So I finally got out, and now I ma here and I feel so very lost. California is beautiful really but I am lonely and sad though I wouldn't tell my friends that. Oddly it's not depression, more like homesickness except I don't want to go back to AK... I just want J back. I know that he doesn't feel about me the way I do about him which makes it even more disgusting and I
keep trying to tell myself I hate him for that but my mind has love and hate inextricably bound to each other. I don't love him anymore but hatred is an emotion just as volatile. I just want him because being with him is like coming home. It's warm and safe and I can actually be myself around him in a way that I can't be with other people.
In other news, it's been so beautiful here though the gays are so very much different than what I am used to. For one they are mostly older and in relationships, for two a lot of them are very stand offish. One of my friends in AK was astounded to hear that I wasn't going out with the gays here to party every night, I explained the situation and he told me I should make a Nat Geo documentary which just about killed me I was laughing so hard. Can you imagine traveling around making documentaries about gays?

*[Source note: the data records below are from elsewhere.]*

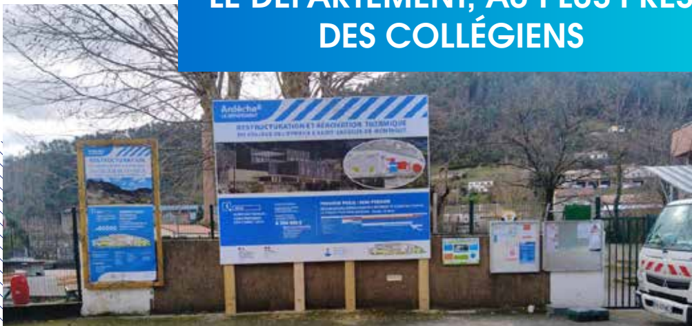
Le collège de Saint-Sauveur-de-Montagut est un bâtiment extrêmement vétuste, qui va faire l'objet d'une restructuration durant 4 ans.
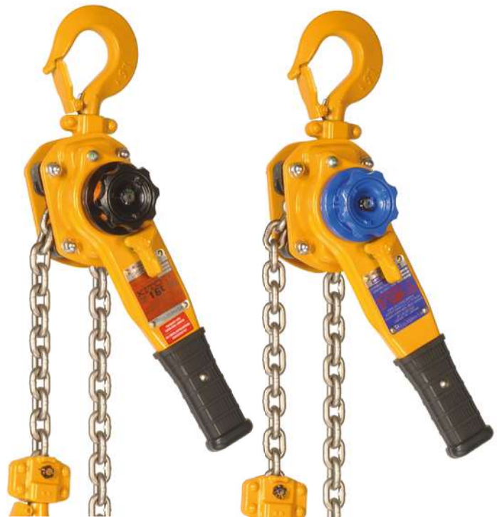
LB OLL mit Überlastschutz

Sicherheitsvorrichtung vor unbeabsichtigtem Freilauf unter Last.
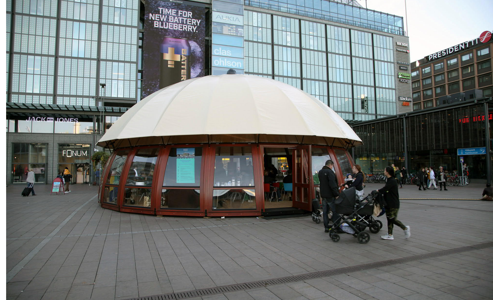
Keskustaverstas-paviljonki lokakuussa Narinkkatorilla.

Visiotyöpajojen lisäksi järjestimme myös muita työpajoja tukemaan Keskustavisiota. Kaikille avoimessa Ideoiden kehityspaja: vetovoimainen keskusta Helsinkiin -tapahtumassa 13.9.2018 Laiturilla esiteltiin ja arvioitiin kävelykeskustan ja maanalaisen kokoojakadun ideakartoituksen tuloksia tavoitteena löytää parhaita ratkaisumalleja. Työpaja oli osa Helsinki Design Week -ohjelmistoa. Yli satapäinen yleisö pääsi kommentoimaan kahdeksan suunnittelu-toimiston ideoita keskustelun lisäksi myös omasta puhelimestaan screen.io -sovelluk-
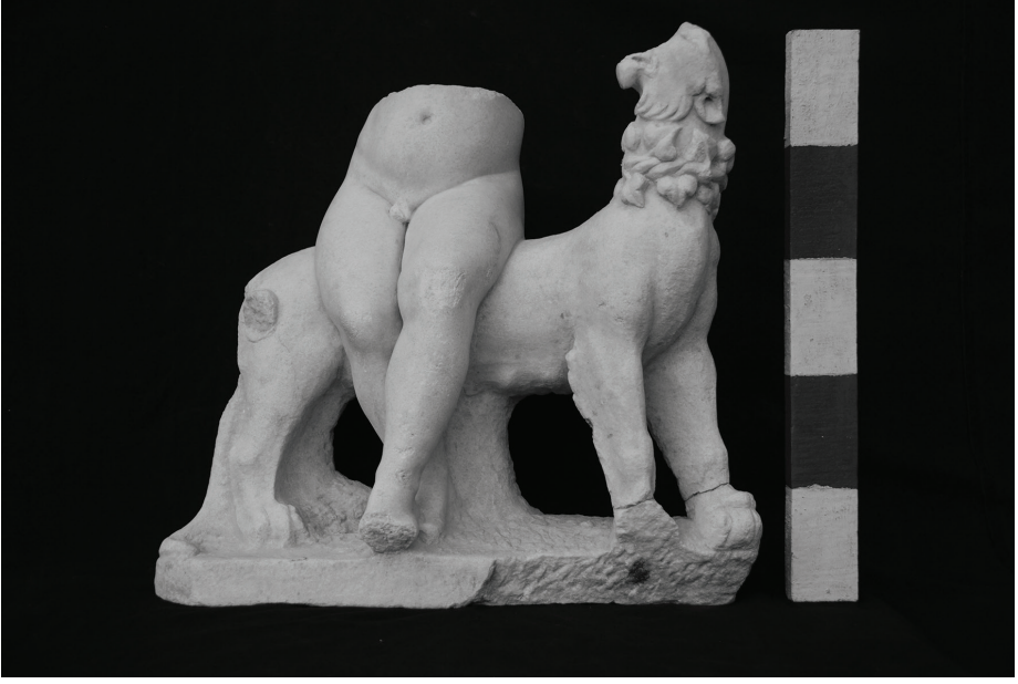
Fig. 1 Tripolis Çocuk Dionysos ve panter heykelinin önden genel görünümü
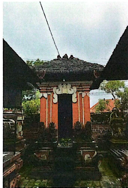
(Gedong Dewata Dewati)
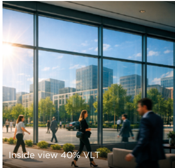
Inside view 40% VLT

Comme pour tous les produits Sentinel, le QXN 40 bloque plus de 99 % du rayonnement UV.
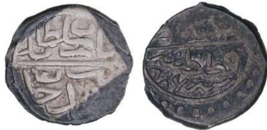
Рис. 7. Османська імперія, Баязид II (1481-1512), акче 886 АН карбування Костантініє (Стамбул). МГ НБУ. Інв. № КН-3549.
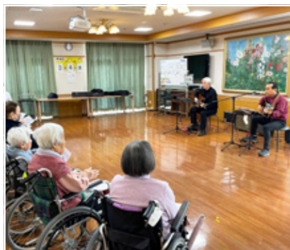
G'z (ジーズ) 訪問
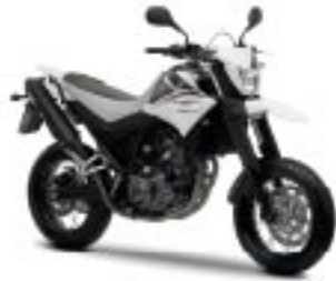
XT660X – Sports White (PWS1)
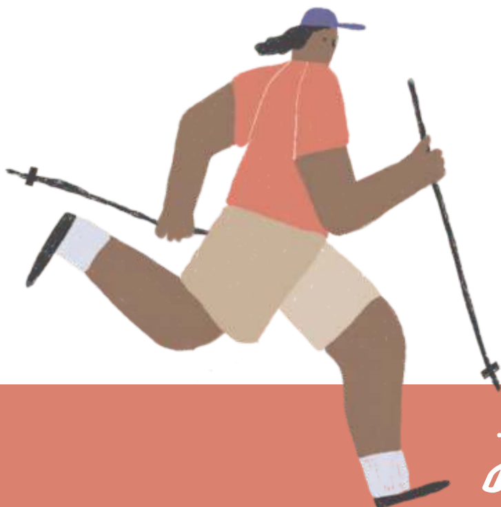
ILLUSTRATION KATIA DERBEL

On l'appelle à tort un village, mais on aime son côté campagnard. On s'impatiente pour vingt secondes de trafic et pourtant, on y apprécie la fluidité des routes au retour d'un séjour en ville. On s'attriste de revenir de vacances, mais on réalise rapidement que c'est un lieu de villégiature où l'on peut se sentir en congé à l'année.
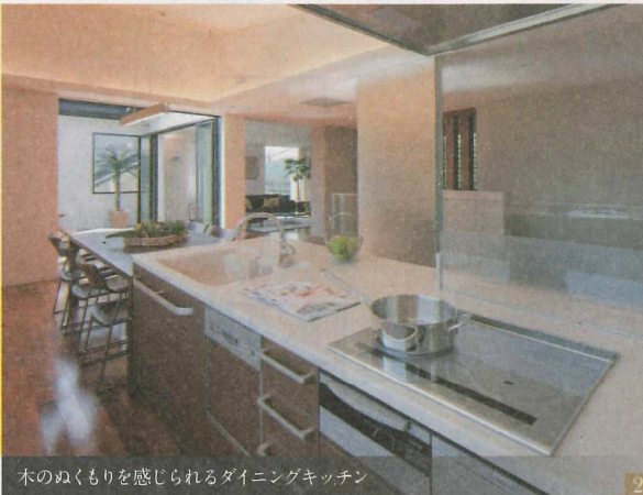
木のぬくもりを感じられるダイニングキッチン
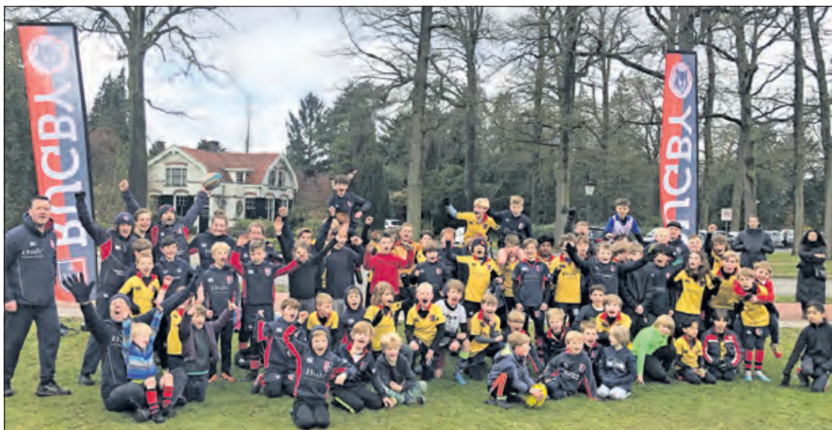
Succesvolle afsluiting van eerste proeftraining van dit jaar met tussen de geel en blauwe shirts ook veel nieuwe kleuren van stoere proefleden
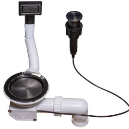
Desagüe automático Space Push Gun Metal
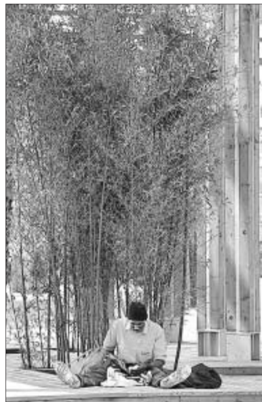
A la izquierda, uno de los nuevos puentes que cruzan el Manzanares. A la derecha, un hombre en uno de los rincones del parque.

puntos de tráfico más intenso en la M-30.
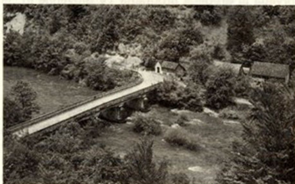
Most preko Kolpe v Mirtovičih leta 1961.

Gradbena posebnost vasi so sušilne jame za sadje. Od treh, ki so bile v vasi, je ohranjena in obnovljena le Mihejlava jama. Večji hiši v vasi sta Mihejlava in Andrejčkova, obe imata ganke. Ob Mihejlavi pa je vgrajena tudi kašča. V starih
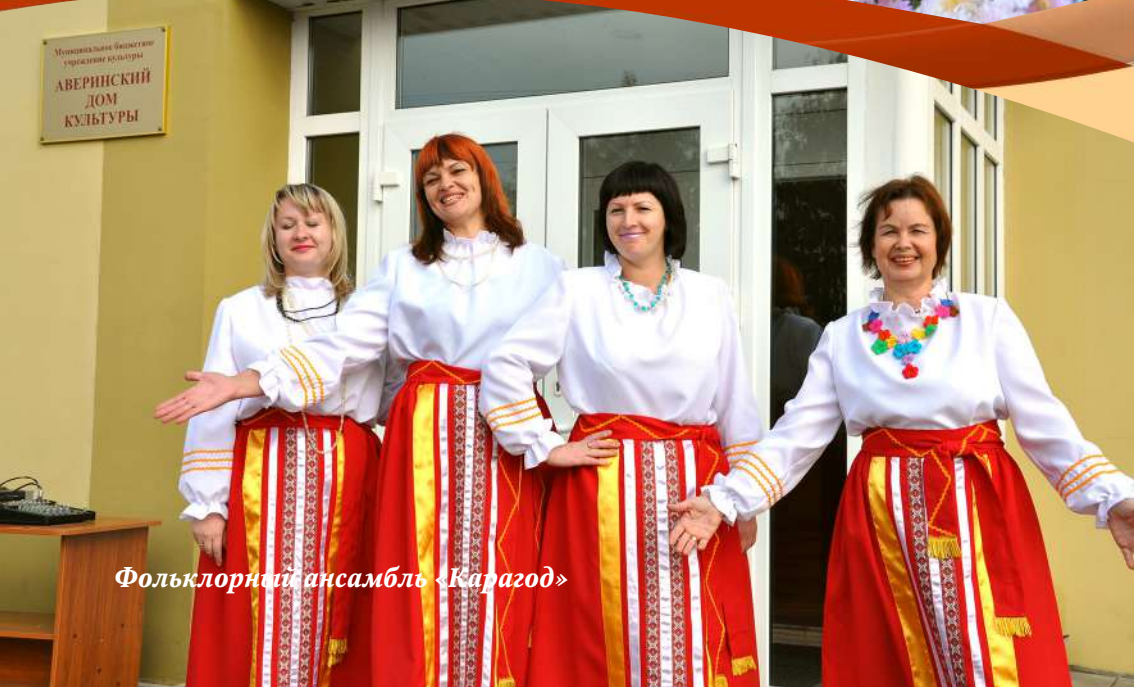
Фольклорный ансамбль «Карагод»

I'm beginning to realize that emotionally my growth stopped when I was 14, literally stopped, which may account for many of the problems I have had. The issue is that I don't know how to allow myself to grow up emotionally, "once bitten, twice shy" after all. It's not that I am immature in actuality, but that is possibly because I have always acted older than I am so I have coasted on that. My worry is that I won't be able to grow any more without something significant happening to me. I am aware that changing my entire life is significant in and of itself and was probably the catalyst for this realization. I just don't know how to proceed from here. One thing I don't think I can do or should do is fall back into the pattern I had before, I think I need to allow my self to experience and cultivate a HEALTHY relationship rather than just coasting by on one night stands, playing house with my gays, or giving in emotionally to men who, while they do care about me, can never care for me the way that I care for them.
However, barring all of this, I don't know that I can handle having a relationship with anyone at this point. Maybe it would be best if I just gave myself time to learn who I was. I have always been an independent person with strong opinions and moral codes. I have come to realize that I am not certain anymore what opinions I have formed based on my personal experiences and what opinions have been formed because they match the opinions of my various friends or lovers. This disturbs me as I have never consciously been in the habit of kow towing to others in anything, it seems subconsciously I have been doing so all along. I need time to be a little person in a big world and I think that I am giving myself that time in the only way I know how, by withdrawing from everyone and everything that I have ever known and learning to be alone. Learning to count on myself and no one else.
I know people tell me all the time that I should go and talk to someone about all of this but I can't. I simply cannot express, verbally, what it is that goes on in my head because I don't fully understand it myself. Writing is the ONLY way that I can do this and, while I could go visit a counselor/therapist/psychologist/psychiatrist I don't think they would care to read through everything I have ever written in my life to try and fully understand the enigma that I am to myself. Maybe loneliness is the only cure for what it is that is wrong with me.
Sorry for the long rant, I am really okay here with people who love me and a wealth of new experiences that are just waiting for me to happen upon them. I hope everyone is doing as well as I am right now.